*Exercise brief:* Could you transcribe each entry below exactly, minus the images?

----- Source material

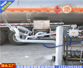 *典型的槽車底部裝卸鶴管,與槽車用快速接頭或者法蘭聯(lián)接,采用五個旋轉接頭。介質由槽車卸油口經鶴管自上而下流入管線內,采用重力作用下的自流方式就可卸車,接口高度較高時
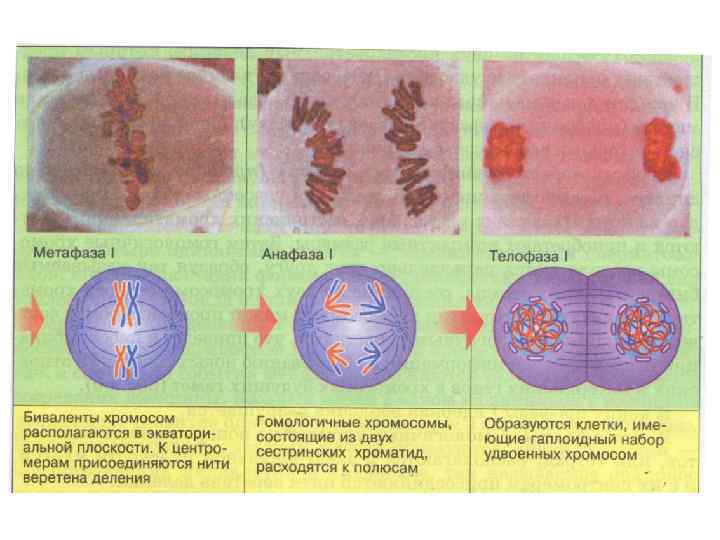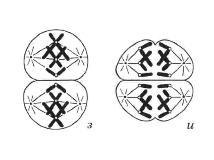 Анафаза 1. В результате этой фазы мейоза происходит разделение хромосом на два гаплоидных набора, попадающих в дочерние клетки. Причем в отличие от мейоза расходятся не хроматиды, а целые хромосомы. Генетическая характеристика клетки - 2 n 4 c (в целом), на полюсах - по n 2 c. Телофаза 1. Хромосомы разошлись к противоположным полюсам. Число хромосом становиться гаплоидным. Хромосомы состоят из двух хроматид. Вследствие кроссинговера хроматиды неоднородны. На короткое время образуется кариолемма. Хромосомы не деспирализуются. Далее происходит деление цитоплазмы, аналогичное тому, что наблюдается при митозе. Генетическая характеристика образовавшихся клеток n 2 c.
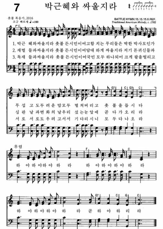 찬송 ‘마귀들과 싸울지라’를 ‘박근혜와 싸울지라’로 개사?
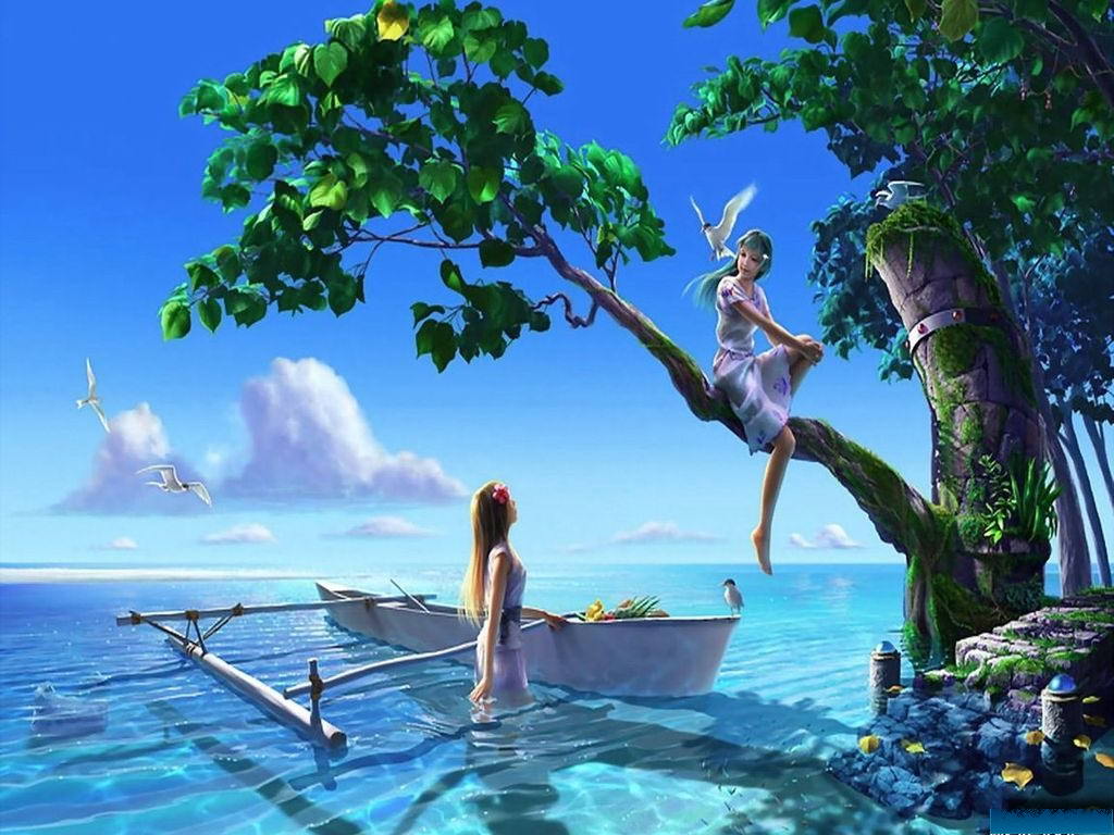 Девушки, лодка, голубое море, голубое небо, дерево, птицы, зеленые листья.
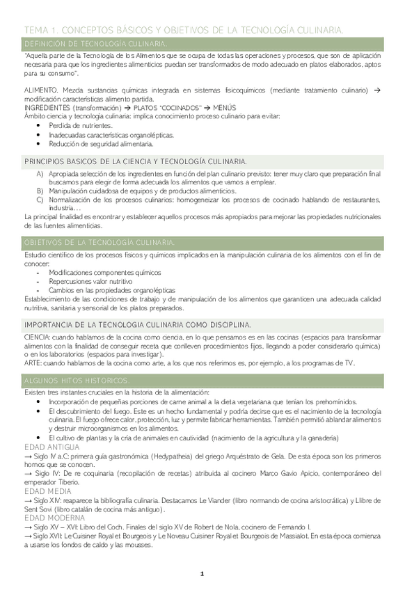 Apuntes del tema 1 de tecnología culinaria y alimentaria de 2º de Nutrición Humana y Dietética en la USC - campus de Lugo. -
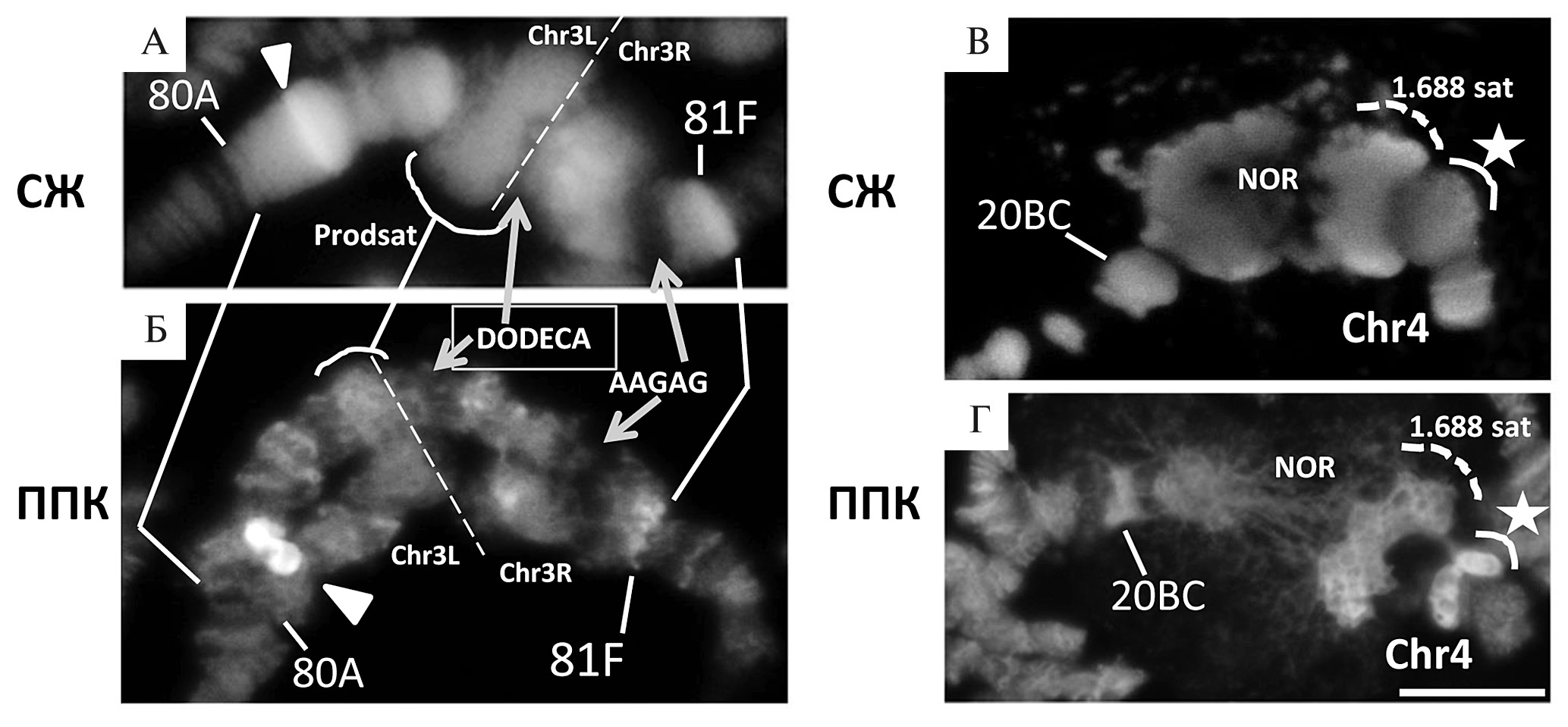 Рис. 3. Окрашенные DAPI прицентромерные районы хромосомы 3 в политенных хромосомах СЖ (А) и ППК (Б) на фоне мутации Rif11. Участок, ограниченный районами 80А и 81F, соответствует митотическому гетерохроматину хромосомы 3. Стрелками и линиями показаны районы, имеющие сходную морфологию в двух типах клеток, а также указан предполагаемый состав ДНК для некоторых районов согласно [4]. Белый треугольник указывает на DAPI-позитивный блок, соответствующий блоку h48 карты митотического гетерохроматина. Скобкой выделено положение сателлита Prodsat, фланкирующего центромеру хромосомы 3. Приблизительное положение центромеры указано пунктирной линией, пересекающей хромосому в соответствии с [4] для политенных хромосом СЖ и по сходству морфологии соответствующих районов в ППК. В.Г. Объединенные прицентромерные районы политенных хромосом Х и 4 в СЖ (В) и ППК (Г). Окрашивание – DAPI, масштаб – 10 мкм.
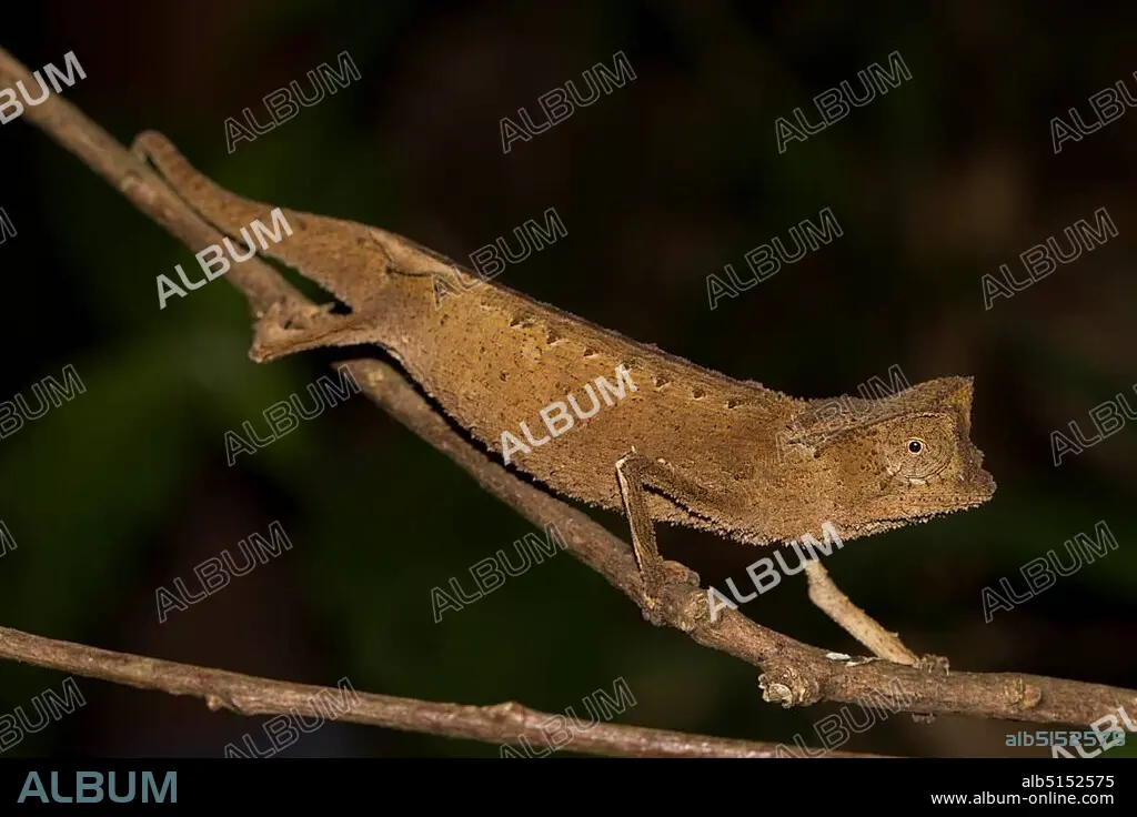 Marojejy leaf chameleon (Brookesia griveaudi) in the rainforest of Marojejy National Park, northeast of Madagascar, Madagascar, Africa.
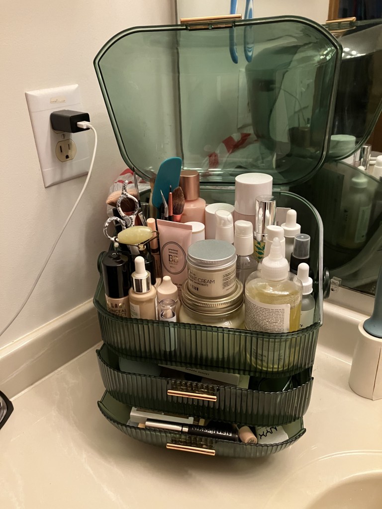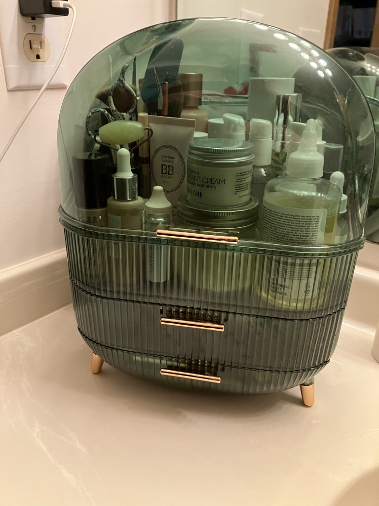 Makeup caddy that is tall enough it can hold ALL the bottles. (Well… all of mine anyway.) It’s so pretty!
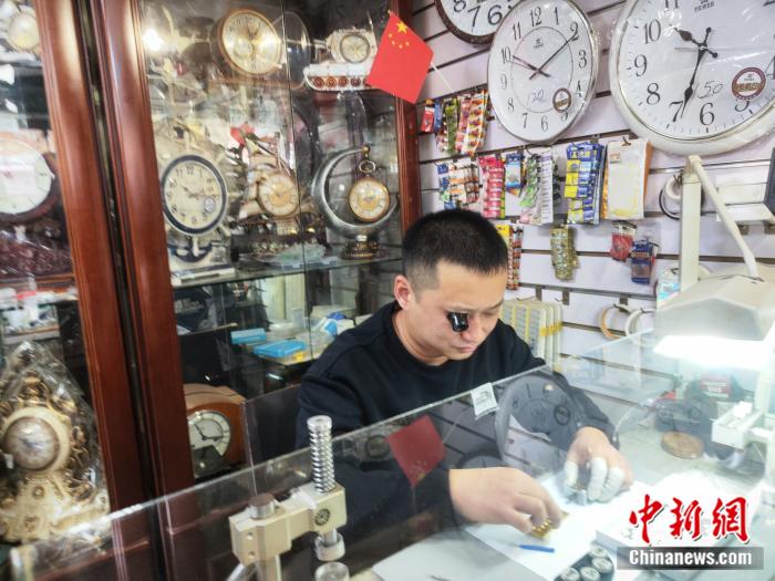 不遠處,聚亨鐘表店的王晴川正低頭專注修表。這家修表店已經傳承了三代人,五年出徒,十年大成,他在此開店已二十三年。秒針的滴答作響中,時間被賦予了新的意義和價值。

----------

*Solution to the problem:*
 *典型的槽車底部裝卸鶴管,與槽車用快速接頭或者法蘭聯(lián)接,采用五個旋轉接頭。介質由槽車卸油口經鶴管自上而下流入管線內,采用重力作用下的自流方式就可卸車,接口高度較高時
 Анафаза 1. В результате этой фазы мейоза происходит разделение хромосом на два гаплоидных набора, попадающих в дочерние клетки. Причем в отличие от мейоза расходятся не хроматиды, а целые хромосомы. Генетическая характеристика клетки - 2 n 4 c (в целом), на полюсах - по n 2 c. Телофаза 1. Хромосомы разошлись к противоположным полюсам. Число хромосом становиться гаплоидным. Хромосомы состоят из двух хроматид. Вследствие кроссинговера хроматиды неоднородны. На короткое время образуется кариолемма. Хромосомы не деспирализуются. Далее происходит деление цитоплазмы, аналогичное тому, что наблюдается при митозе. Генетическая характеристика образовавшихся клеток n 2 c.
 찬송 ‘마귀들과 싸울지라’를 ‘박근혜와 싸울지라’로 개사?
 Девушки, лодка, голубое море, голубое небо, дерево, птицы, зеленые листья.
 Apuntes del tema 1 de tecnología culinaria y alimentaria de 2º de Nutrición Humana y Dietética en la USC - campus de Lugo. -
 Рис. 3. Окрашенные DAPI прицентромерные районы хромосомы 3 в политенных хромосомах СЖ (А) и ППК (Б) на фоне мутации Rif11. Участок, ограниченный районами 80А и 81F, соответствует митотическому гетерохроматину хромосомы 3. Стрелками и линиями показаны районы, имеющие сходную морфологию в двух типах клеток, а также указан предполагаемый состав ДНК для некоторых районов согласно [4]. Белый треугольник указывает на DAPI-позитивный блок, соответствующий блоку h48 карты митотического гетерохроматина. Скобкой выделено положение сателлита Prodsat, фланкирующего центромеру хромосомы 3. Приблизительное положение центромеры указано пунктирной линией, пересекающей хромосому в соответствии с [4] для политенных хромосом СЖ и по сходству морфологии соответствующих районов в ППК. В.Г. Объединенные прицентромерные районы политенных хромосом Х и 4 в СЖ (В) и ППК (Г). Окрашивание – DAPI, масштаб – 10 мкм.
 Marojejy leaf chameleon (Brookesia griveaudi) in the rainforest of Marojejy National Park, northeast of Madagascar, Madagascar, Africa.
 Makeup caddy that is tall enough it can hold ALL the bottles. (Well… all of mine anyway.) It’s so pretty!
 不遠處,聚亨鐘表店的王晴川正低頭專注修表。這家修表店已經傳承了三代人,五年出徒,十年大成,他在此開店已二十三年。秒針的滴答作響中,時間被賦予了新的意義和價值。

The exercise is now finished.